Глаза в глаза, оба смотрели. Мальчик не кричал и не двигался. Рот его открывался и вновь закрывался – ритмически, медленно, вкось. Маруська засмеялась негромко. От коленей к груди пробежала зудящая дрожь. Славный мальчишка! – мягкий и теплый. И как смотрит! Маруська чувствовала себя совершенно живою. Пальцы поползли под рубашкой; погладили, едва прикасаясь, грудь; мизинцами защекотали соски. Побежали вдоль тела, гладя, дразня, теребя. Нога передвинулась медленно, закатила штанину, ступнею прижалась к икре. Ха-ха! Тоненький, звенящий смешок.

Зубы Гаврюшки забелели кривою улыбкой. Сопение, дыхание частое, душное. Глаза замигали, зажмурились; темная расширенность ужаса отошла в уголок, заслонилась сладострастной истомой. Гаврюшкины пальцы сжали белую, круглую, холодную ляжку.

Маруська приподнялась. Встала, покачивая задом, пошла. Бедра млели под пристальным взглядом. Обернулась, сладко показывая: что же, гляди! Поманила мальчишку – пальчиком, томно.

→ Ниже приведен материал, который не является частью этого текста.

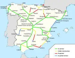 - Ferrovia ad alta velocità Madrid–Barcellona-Confine francese (Madrid, Guadalajara, Calatayud, Saragozza, Lleida, Barcellona, Confine francese), aperta fino a Barcellona dal febbraio 2008. Questa linea ha una diramazione per Huesca dopo Saragozza inaugurata nel 2003.
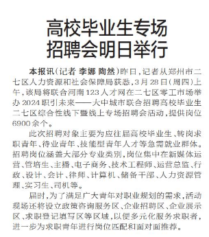 昨日,记者从郑州市二七区人力资源和社会保障局获悉,3月28日(周四)上午,该局将联合河南123人才网在二七区零工市场举办2024职引未来——大中城市联合招聘高校毕业生二七区综合性线下暨线上专场招聘会活动,提供岗位6900余个。(今日《郑州日报》5版)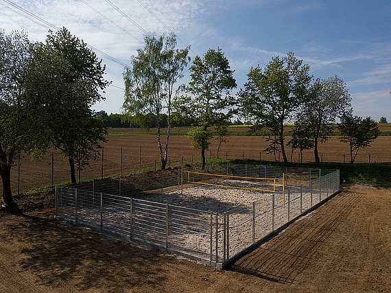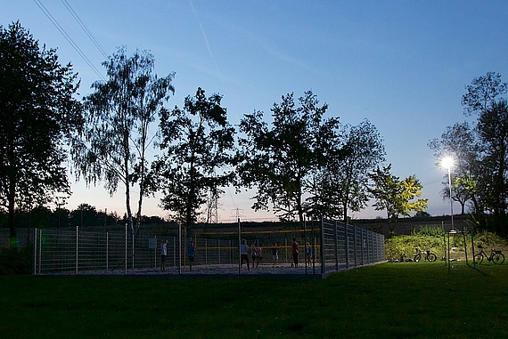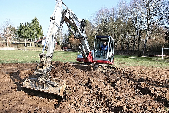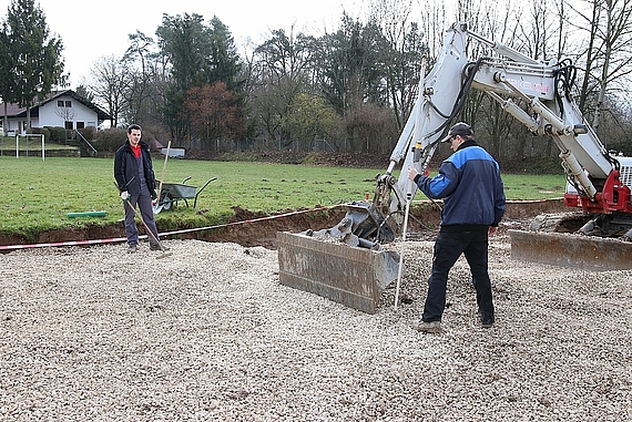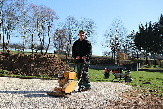 Fr 06.04.2018 Abrütteln der Schotterfläche und anpassen des Geländes um das Beachvolleyballfeld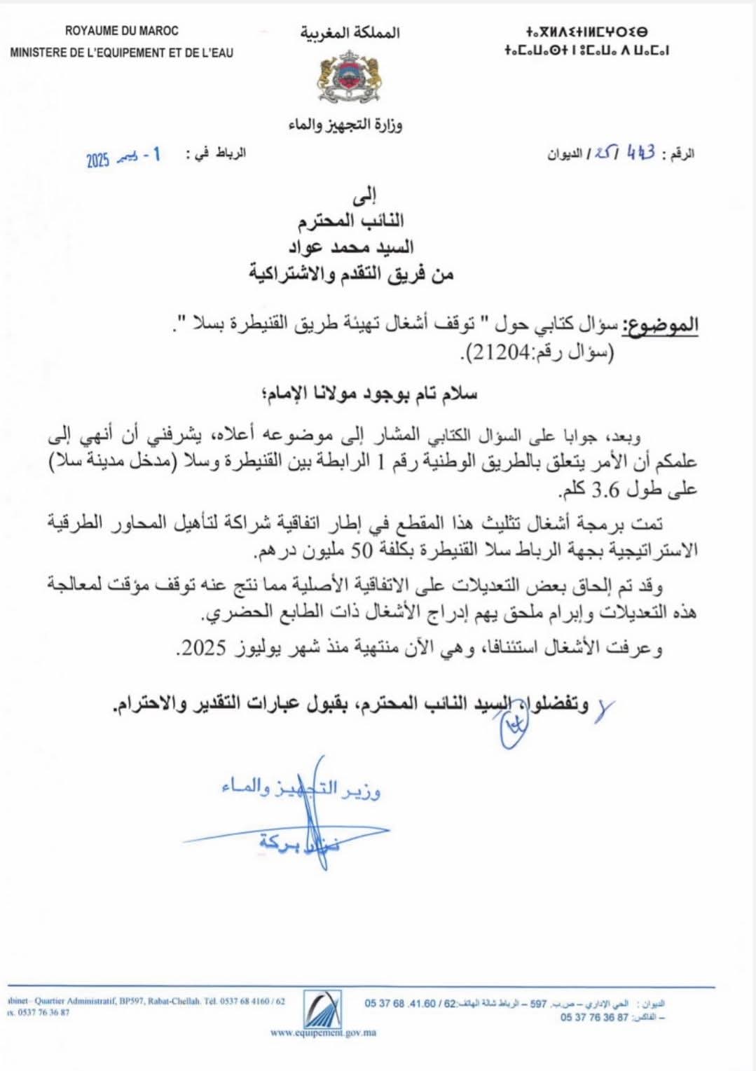 وفي ردها الرسمي، أوضحت وزارة التجهيز والماء أن المشروع، الذي يبلغ طوله 3.6 كلم، قد تم برمجته ضمن اتفاقية إطار استراتيجية لتأهيل المحاور الطرقية بجهة الرباط سلا القنيطرة، بتكلفة مالية تصل إلى 50 مليون درهم. وأقرت الوزارة بالتوقف المؤقت للأشغال، مبررة ذلك بالحاجة إلى معالجة بعض التعديلات على الاتفاقية الأصلية وإبرام ملحق يهدف لإدراج الأشغال ذات الطابع الحضري.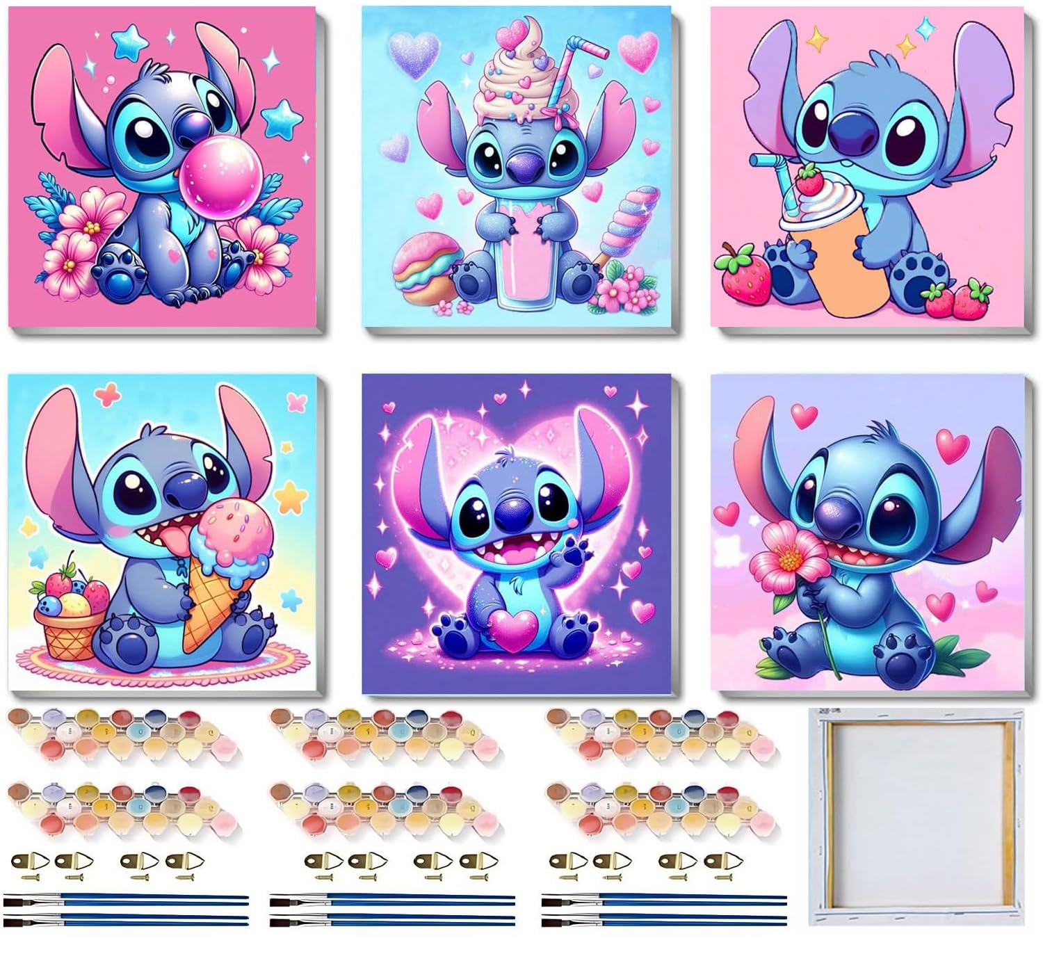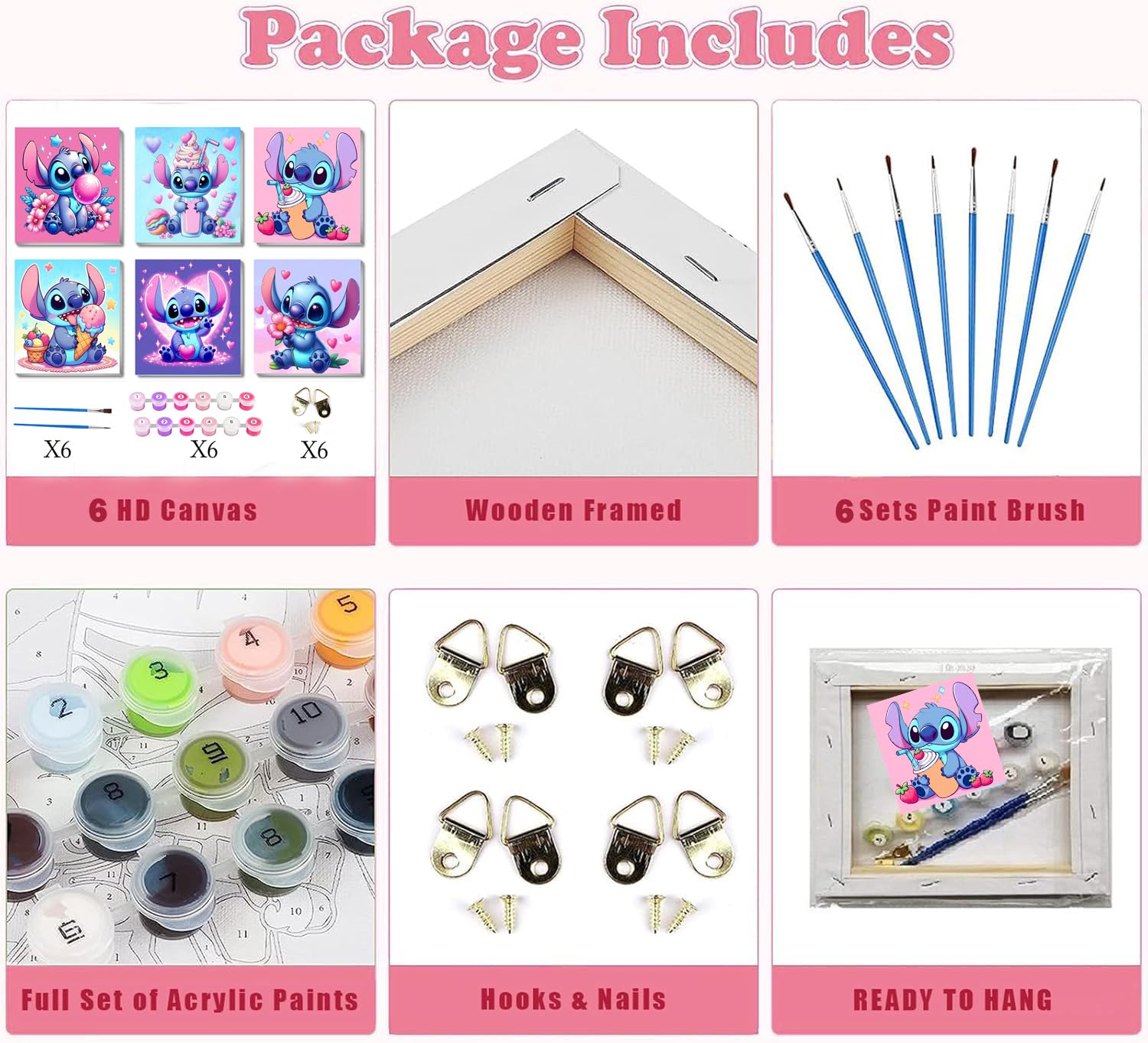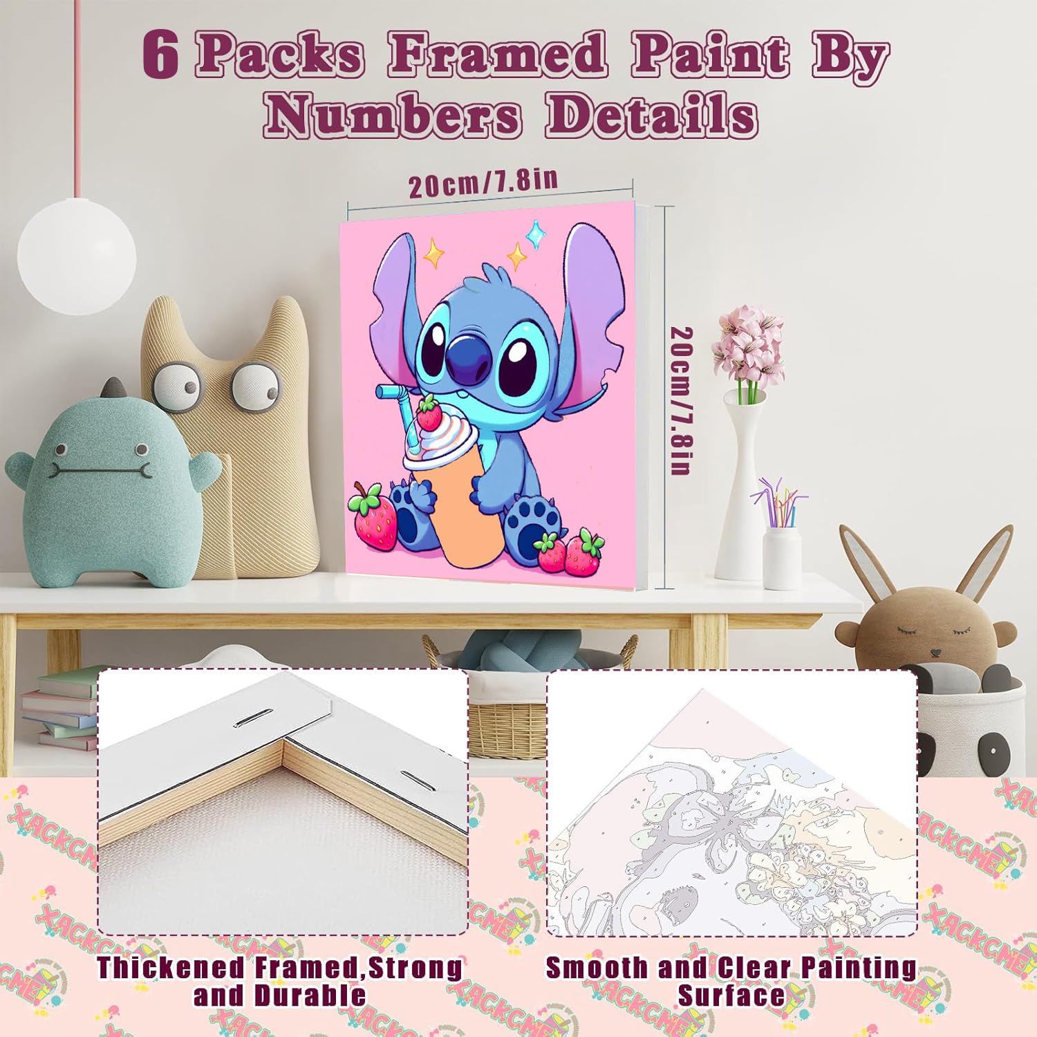 CraftyTime 6 Pack Cartoon Paint by Numbers Kits for Kids with Framed Canvas Paint by Number for Kids Ages 4-8-12, DIY Easy Acrylic Oil Painting Kits for Home Wall Decor (8X8inch)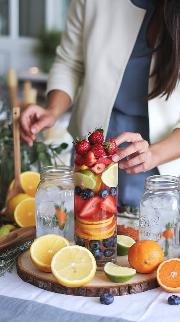 Set up a dedicated drink station with multiple options to keep everyone hydrated. Include infused water with cucumber, mint, or berries for a refreshing twist.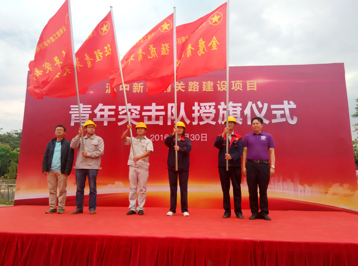 滇中新區(qū)哨關路建設項目共計8支青年突擊隊,由各個參建單位分別組建而成,路橋總承包部黨總支書記李家舜、集團團委副書記楊瑜、滇中新區(qū)哨關路建設指揮部副指揮長閉春華和哨關路投資建設有限公司工程部部長程剛為青年突擊隊授旗。公司“金鷹青年突擊隊”由公司路橋一部項目經(jīng)理王孝生擔任隊長,項目部35歲以下青年職工共計17人組成。根據(jù)青年突擊隊競賽考核書,本次青年突擊隊競賽活動從2016年6月1日至2016年12月31日止,以“安全、質(zhì)量、進度、創(chuàng)新、技能和形象”為主題開展。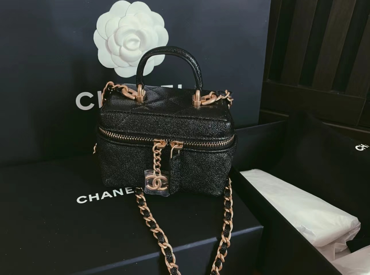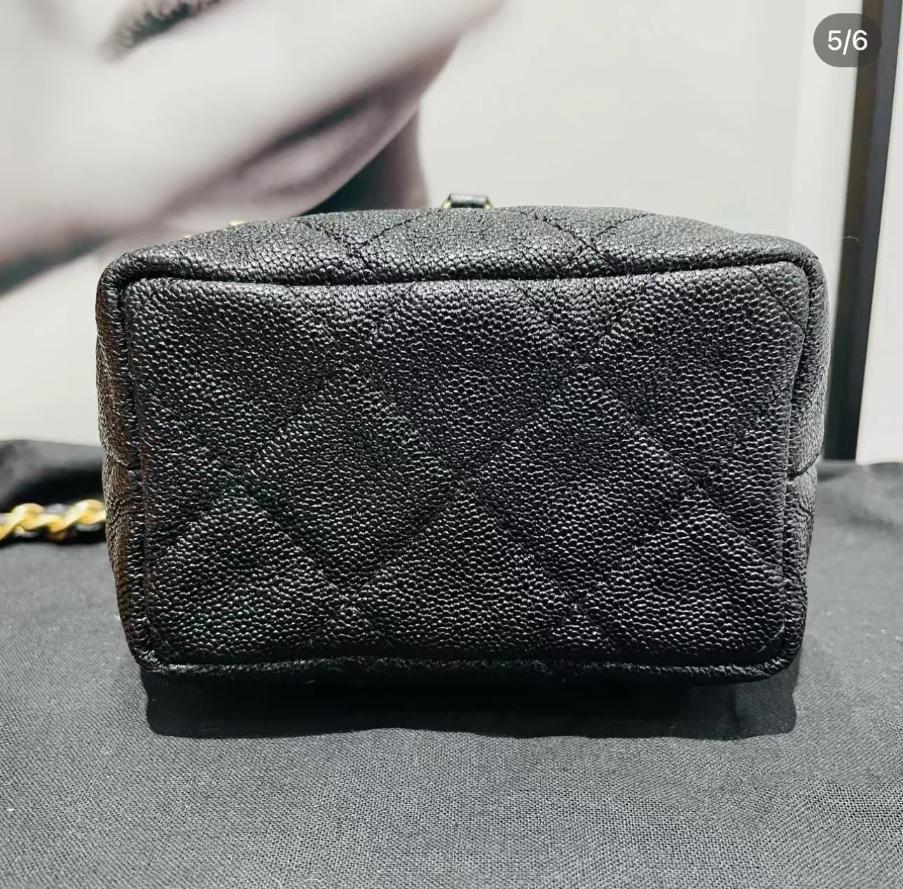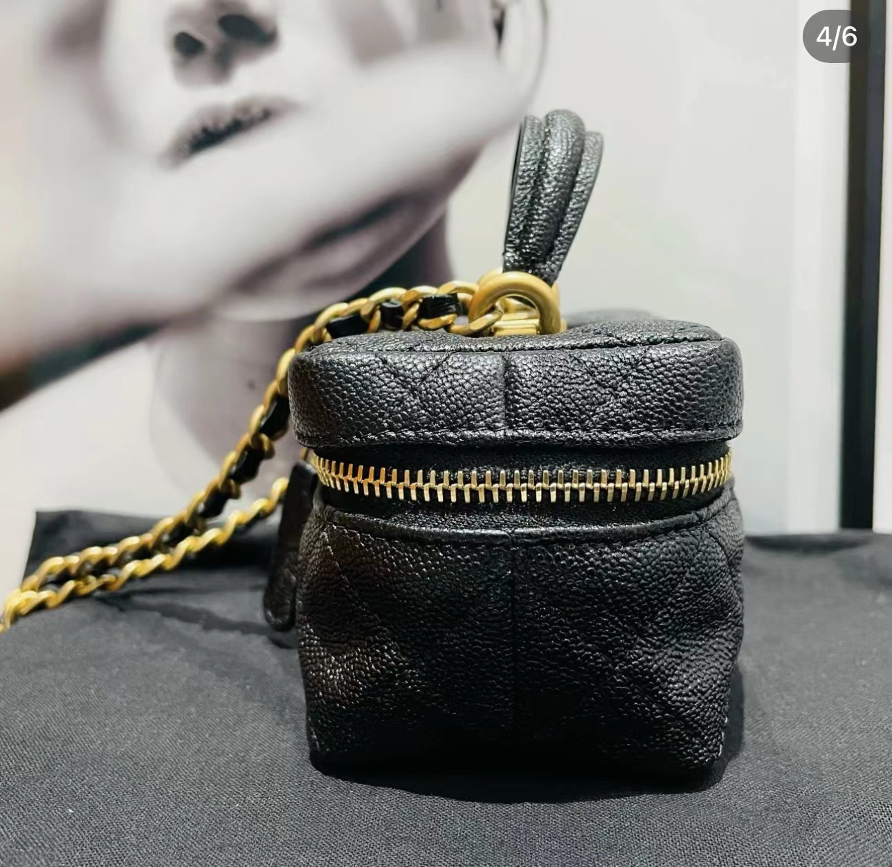 CHANELから小ぶりなサイズ感がかわいいバニティーバッグが入荷致しました!幅約10cmと大変小ぶりなバニティバッグ!流行中のミニサイズはあまり荷物を増やしたくない方にもおすすめです。ホワイトのボディとゴールド金具がカジュアルになりすぎず品よく見せてくれます!日常使いや特別な日など、どんなシーンでも大活躍間違いなしです。ご家族、恋人への誕生日プレゼントやご自身へのご褒美にもぴったり!是非この機会をお見逃しなく!
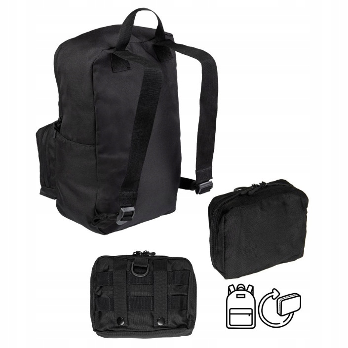 Помимо основного отделения рюкзак оснащен передним карманом меньшего размера. рюкзака, что облегчает переноску ключей и кошелька. Все карманы закрываются на молнию. Ремни системы MOLLE/PALS и панель на липучке пришиты спереди, что позволяет легко прикрепить, например, нашивки боевого духа или дополнительные аксессуары.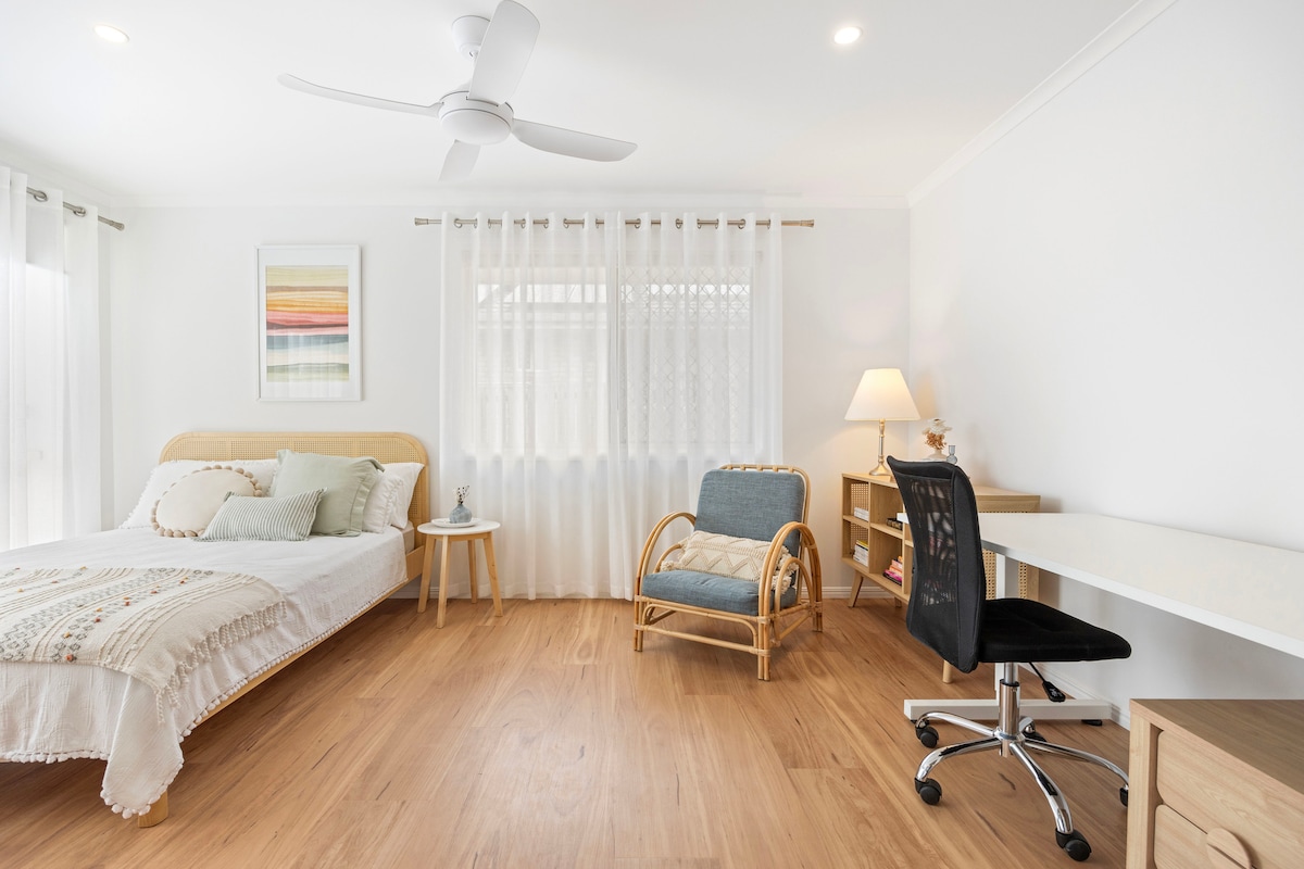 Welcome to our lovely, fully self-contained studio apartment — your own tropical sanctuary. Fresh and clean, the studio has everything you need for a comfortable and relaxing stay. The studio is located in the backyard of our home, converted to host guests. You’ll enjoy a private entrance and your own peaceful space, separate from the main house. Step outside to a tranquil deck, perfect for enjoying a cuppa or an evening glass of wine. 🚭 Please note: This is a non-smoking property.

Берег спускался к воде довольно отлого; затем, размытый теченьем, круто уходил в глубину. Маруська остановилась по колени в воде. Подходил мальчик; фигура смешная: закатилась штанина, рубаха свисала, руки держали штаны, подтягивая, чтоб не упали.

Маруська улыбалась, мальчик неуклюже взялся рукой за Маруськину грудь. Сладко мурлыкнув, Маруська охватила его шею, прижалась, стала валиться, падая на спину.

– А-а-а! – Гаврюшка кричал испуганно, громко. – А-а! – оба бултыхнулись в глубину.

***

Такова была жизнь Маруськи, русалки. Не Маруськи – того бледного, что от Маруськи осталось. Кусочки души ее, судорожно вцепившиеся в жизнь. Подделки под Маруську, Маруськиной тени.

Маруська продолжала жить возле мельницы. Сидела у берега, шевелила пальцами ног в прозрачной воде. Кричала иногда, звала на помощь. Иногда смеялась. Смех был неприятный – сама она чувствовала.

Часто опускалась Маруська на дно. Там, ухватившись за камень (верно, надеялась: твердое, вытащит!), лежало Гаврюшкино тело. Казалось забавным поглаживать белую, рыхлую спину. Или – примастив его голову к себе на колени, улыбаясь наивно идиотской улыбкой, – раздвигать пальцами веки. Какие глаза? Смешные, белые, рыбьи.

Однажды тело исчезло. Маруська не могла его больше найти. Должно быть, вытащили его из реки.

Но больше всего любила Маруська смотреть на луну – огромный желтый фонарь в зеленоватом тумане. Светло и не ярко. Воспоминания, мечты набегают; бесформенное, неясное, мутное. Сидишь себе, греешься, напеваешь тихонько.